Although many strategies for accomplishing this have been advanced, few have undergone scientific scrutiny. Biodiversity is the result of 3. It is increasing with the increase in population.

Many fruits and vegetables require pollinators, thus pollination services are critical to the production of a considerable portion of the vitamins and minerals in the human diet. Screening allows us to determine more systematically the present and potential uses of organisms for appropriate human purposes.

Provisioning services which involve the production of renewable resources e.

Executive Summary

Development agencies should place greater emphasis on, and assume a stronger role in, systematizing the local knowledge base—indigenous knowledge, "gray literature," anecdotal information. For non-cultivated species, genetic diversity is threatened mainly by overexploitation, as well as habitat destruction and fragmentation.

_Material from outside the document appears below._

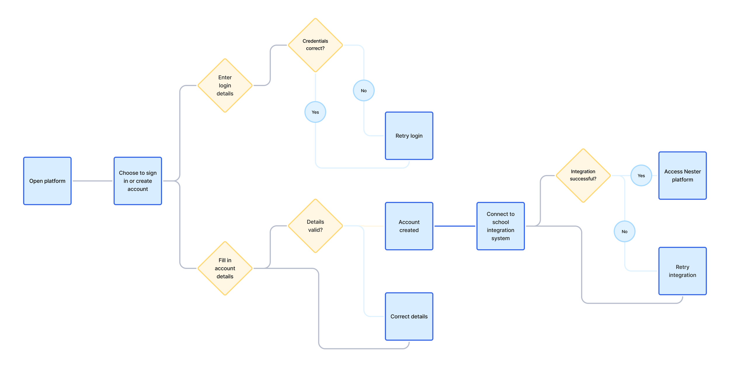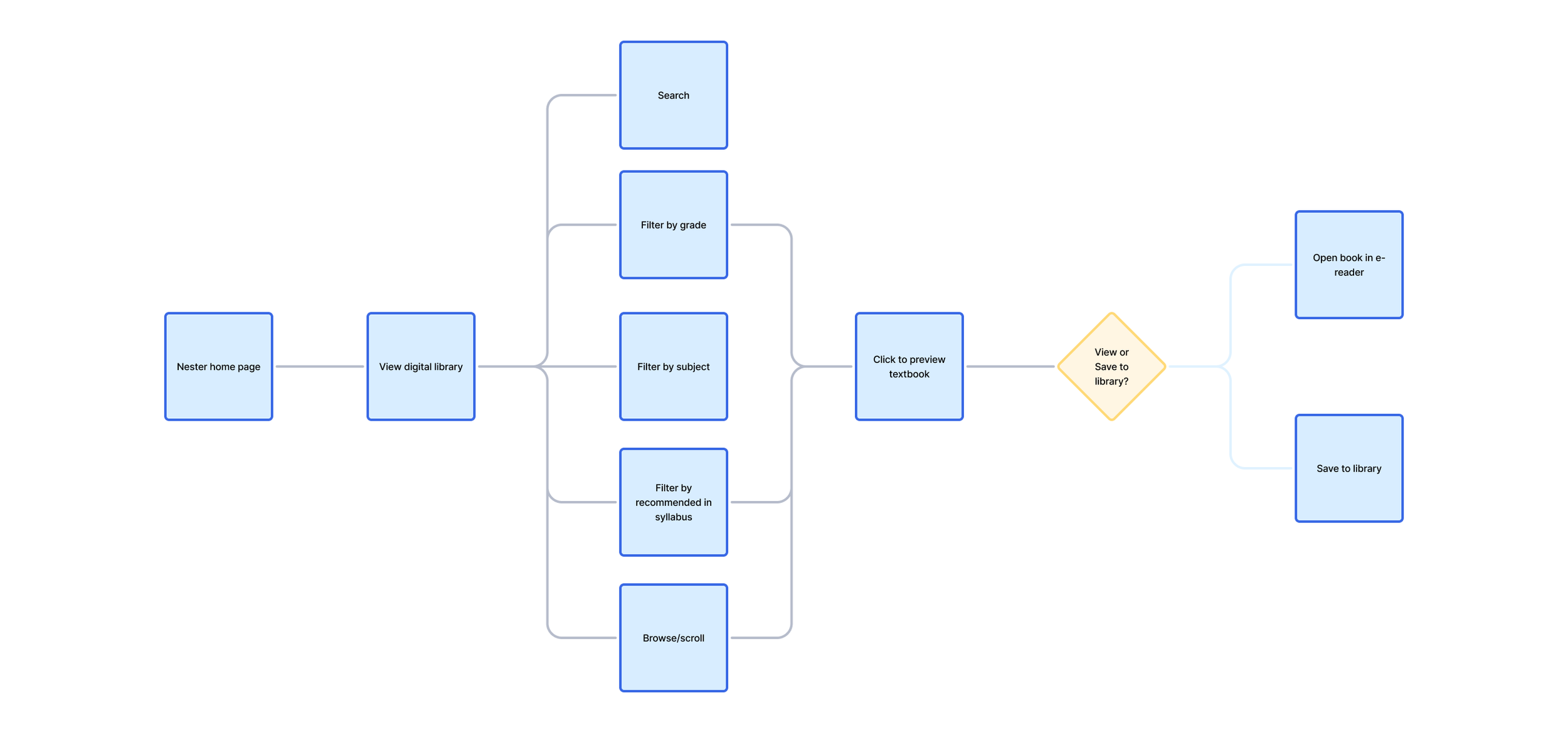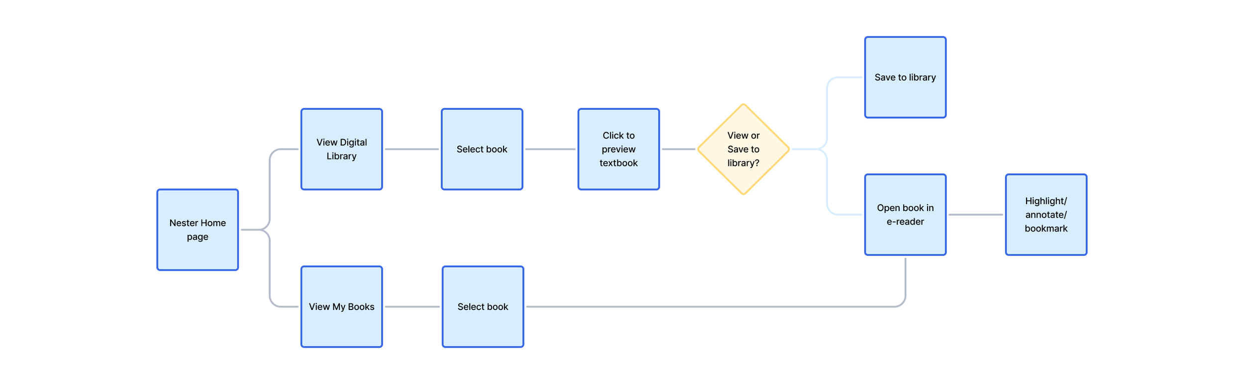 Once I was happy with the content organisation, I began thinking about how I wanted the user to interact with the platform to accomplish some important goals – create an account, add a textbook to the library, view the textbook and highlight the content. I included some decision points where a user may not want to pursue more information, or may want to skip a step.

This research should build greater understanding about the relationship between biodiversity and local systems of knowledge and resource use, and should translate this understanding into useful policy and program tools.

Progress toward truly sustainable land use systems requires information on the effect of management options on the ecosystem dynamics, and this information can be gained only through long-term research. Seed banks provide suitable conditions to keep different types of seeds alive for as long as possible.

Habitat destruction is a major cause for biodiversity loss. So a large number of resources and species are traditionally conserved in India.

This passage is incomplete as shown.